* [REQUIREMENT] For the records below, copy exactly the span that begins at the line containing "У детей ЭГ произошли" and stops after the line containing "Диаметр слива, см", minus any pictures.

Stored records
== Segment start ==

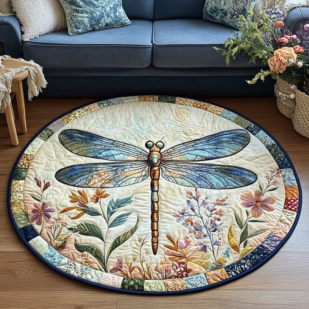 Mystic Garden Dragonfly Quilted Round Mat
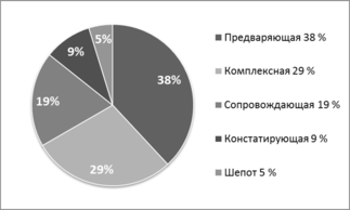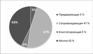 У детей ЭГ произошли изменения в речи. Произошло увеличение речевой активности детей (р<0.05), изменение видов речевых высказываний (см. рис. 3). В речи детей стала преобладать предваряющая речь. Сопровождающая речь претерпела изменения по направленности высказываний – в констатирующей серии речь не относилась к деятельности рисования, в контрольной – носила поясняющий характер. Большая часть
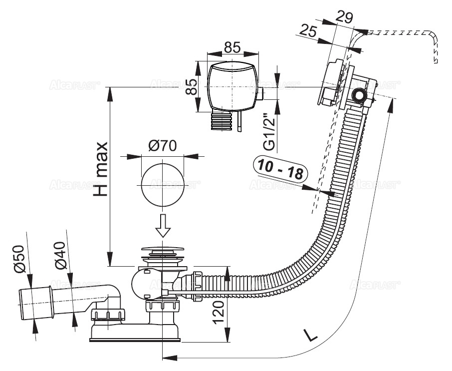 • Диаметр слива, см
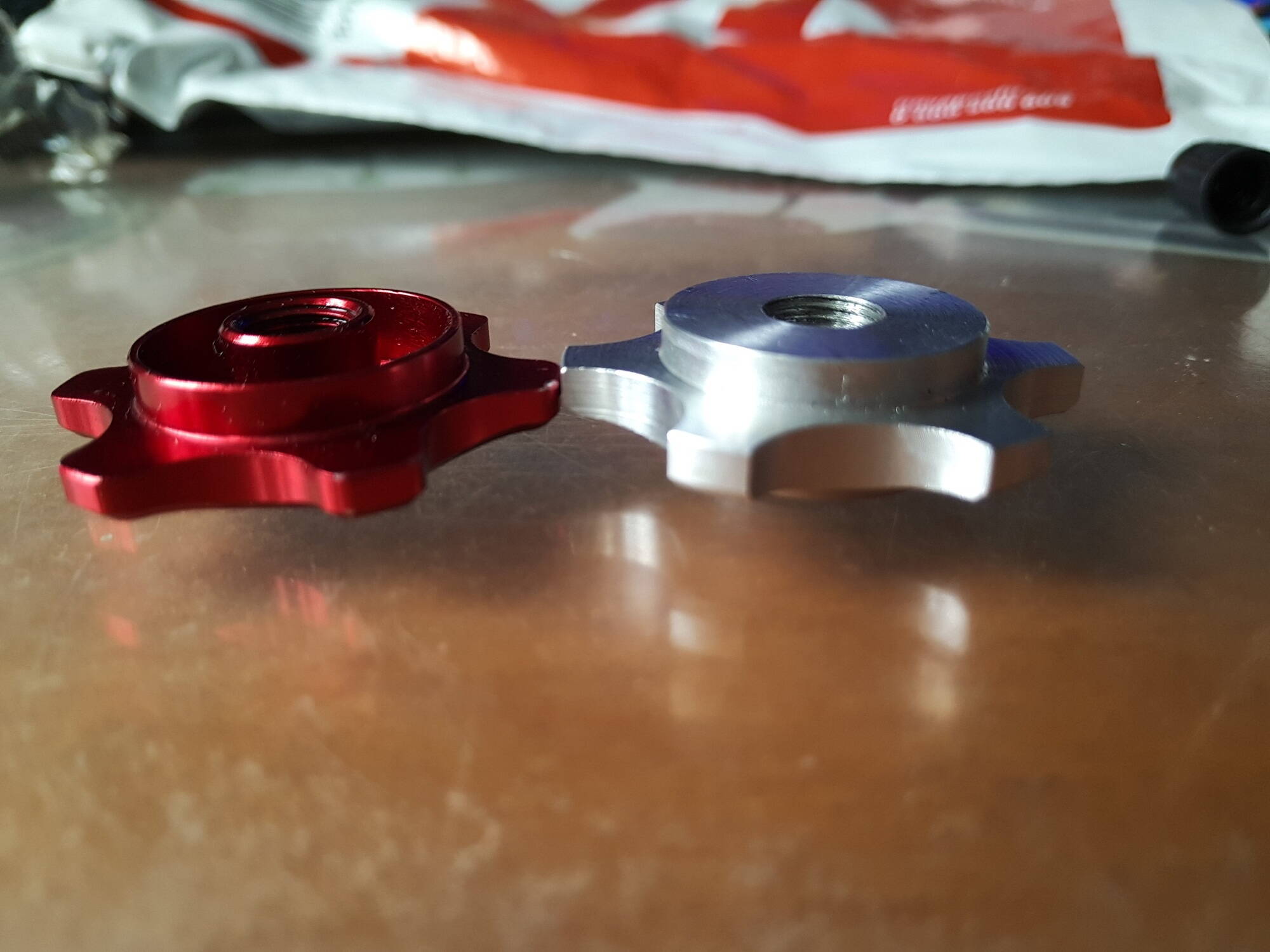 В очередной раз заказал у Автора топкепы, теперь для вилки RST capa,а также были изготовлены корпуса магнитов для велокомпьютеров. Корпуса магнитов получились легкие, легко переставляются, хотя закреплены на спице надежно, естественно крепче стоковых.
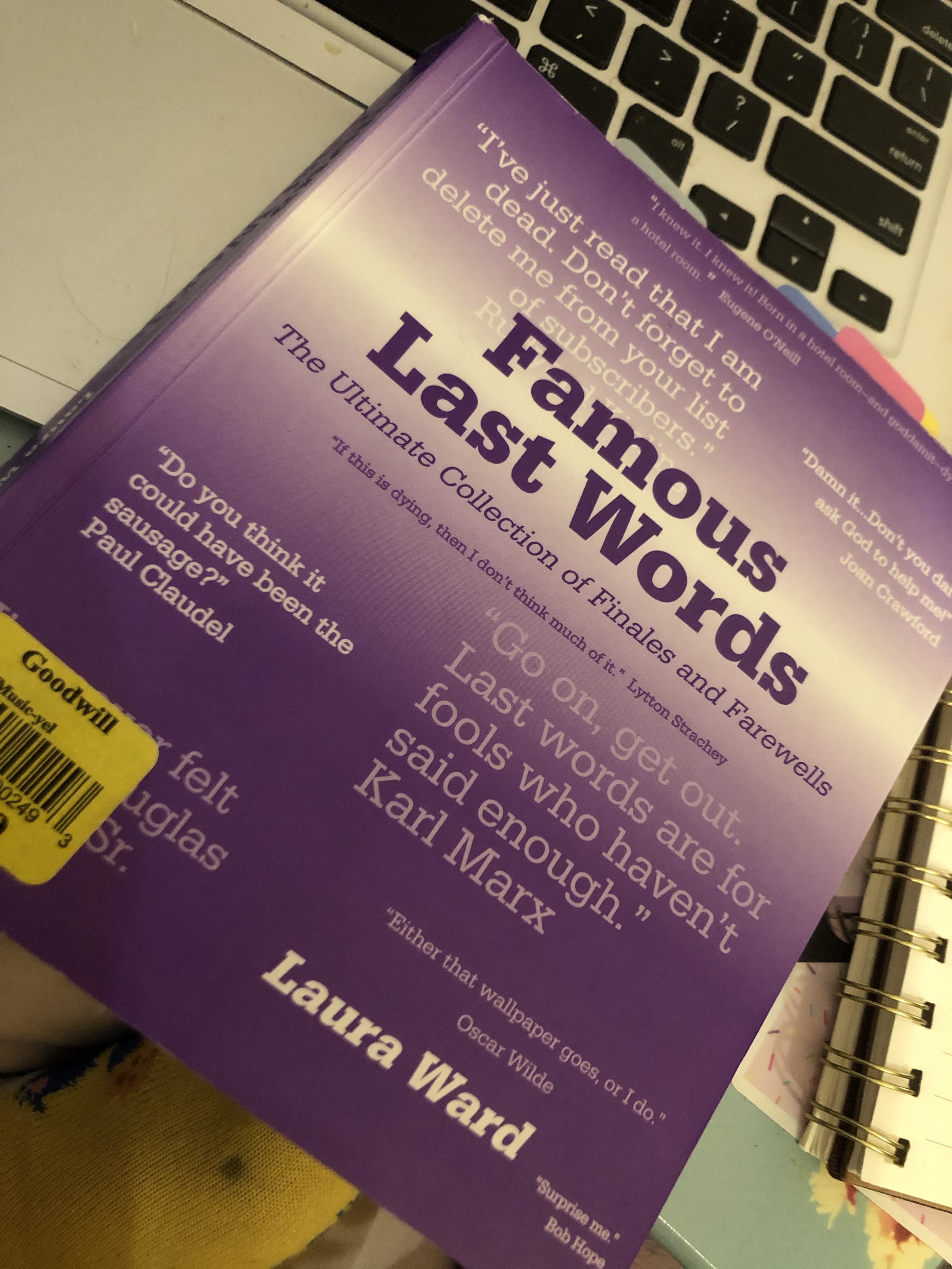 I’ve been reading through a few books of famous last words. Each book puts the last words in context and many entries have prompted me to do a quick search of the individual in question to refresh my memory or learn more – and some of them have made my mind wander and gotten me thinking.

== Segment end ==

* [SOLUTION FOR THIS PROBLEM]
 У детей ЭГ произошли изменения в речи. Произошло увеличение речевой активности детей (р<0.05), изменение видов речевых высказываний (см. рис. 3). В речи детей стала преобладать предваряющая речь. Сопровождающая речь претерпела изменения по направленности высказываний – в констатирующей серии речь не относилась к деятельности рисования, в контрольной – носила поясняющий характер. Большая часть
 • Диаметр слива, см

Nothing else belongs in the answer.